Enhanced Elimination

    A) EFFICACY
    1) No studies have addressed the use of extracorporeal elimination techniques in ethyl mercaptan poisoning.

Range Of Toxicity

Summary

    A) The estimated air concentration which may be hazardous is 500 ppm. Human exposure to 4 parts per million causes minimal symptoms. No effects occurred with exposure to 0.5 ppm. The odor is detected by most persons below concentrations which are likely to be hazardous, unless olfactory fatigue has occurred.

Minimum Lethal Exposure

    A) The minimum lethal human dose to this agent has not been delineated.
    B) Ethyl mercaptan is extremely malodorous; exposure to lethal levels is unlikely (Clayton & Clayton, 1994; Hathaway et al, 1996).

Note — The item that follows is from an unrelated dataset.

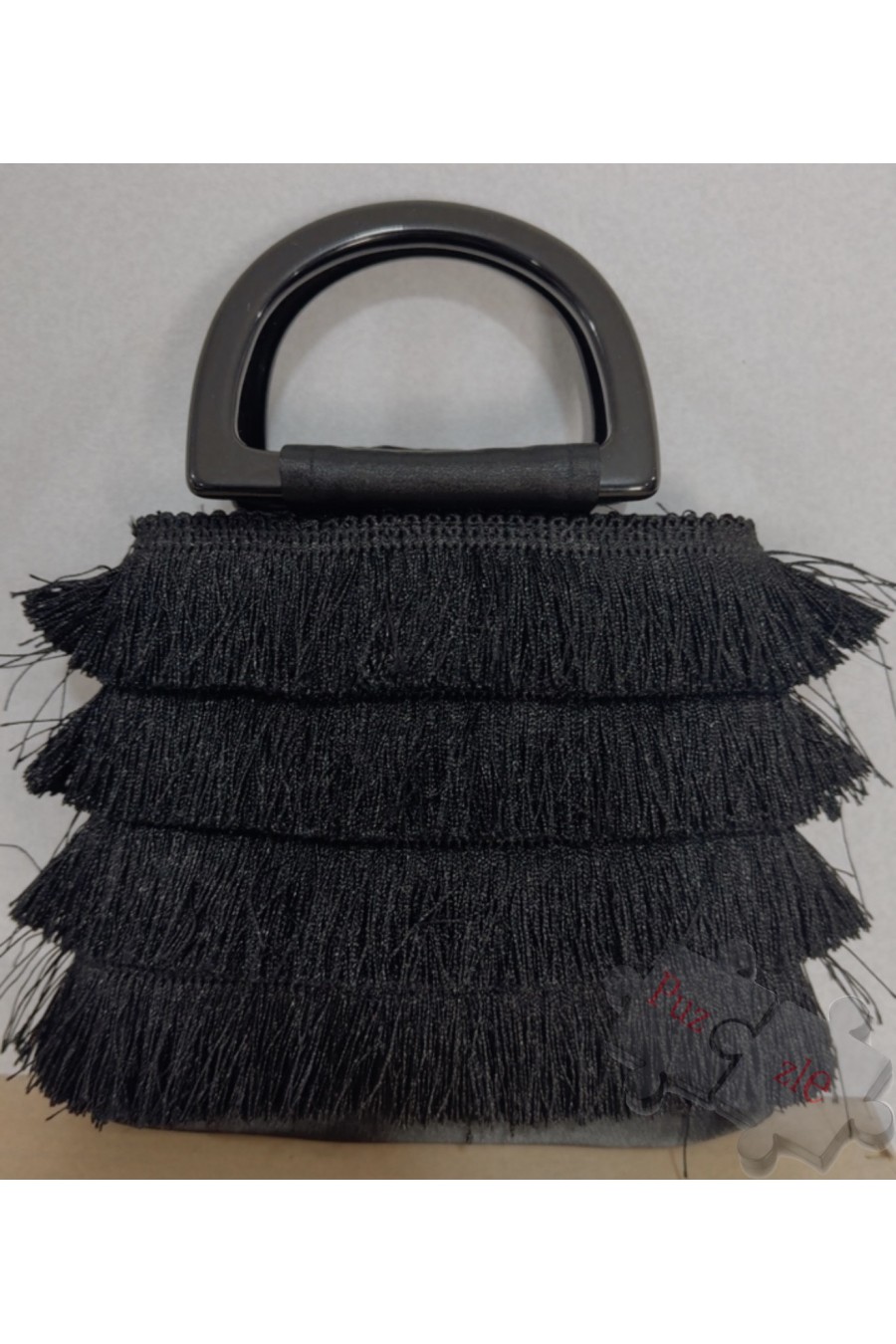 Camisa en tono negro con detalles de flecos en la parte delantera

Maximum Tolerated Exposure

    A) Ethyl mercaptan causes irritation to the mucous membranes. At high concentrations, it causes narcosis in animals; the human response is expected to be the same. By analogy to other mercaptans, it may produce pulmonary edema at near-lethal levels (Hathaway et al, 1996).
    1) Volunteers exposed to 10 mg/m(3) (4 ppm) ethyl mercaptan for 3 hours daily for 5-10 days reported a rise in their odor threshold (odor fatigue), an altered taste reaction to sweet and bitter substances, periodic nausea, irritation of the mucous membranes of the lips, mouth, and nose, and fatigue. Volunteers exposed to 1 mg/m(3) (0.5 ppm) reported no unpleasant symptoms (ACGIH, 1991; Clayton & Clayton, 1994; Hathaway et al, 1996).
    2) A reported accidental exposure to approximately 4 ppm for 1 hour caused headache, discomfort, abdominal pain, vomiting, and diarrhea (Clayton & Clayton, 1994).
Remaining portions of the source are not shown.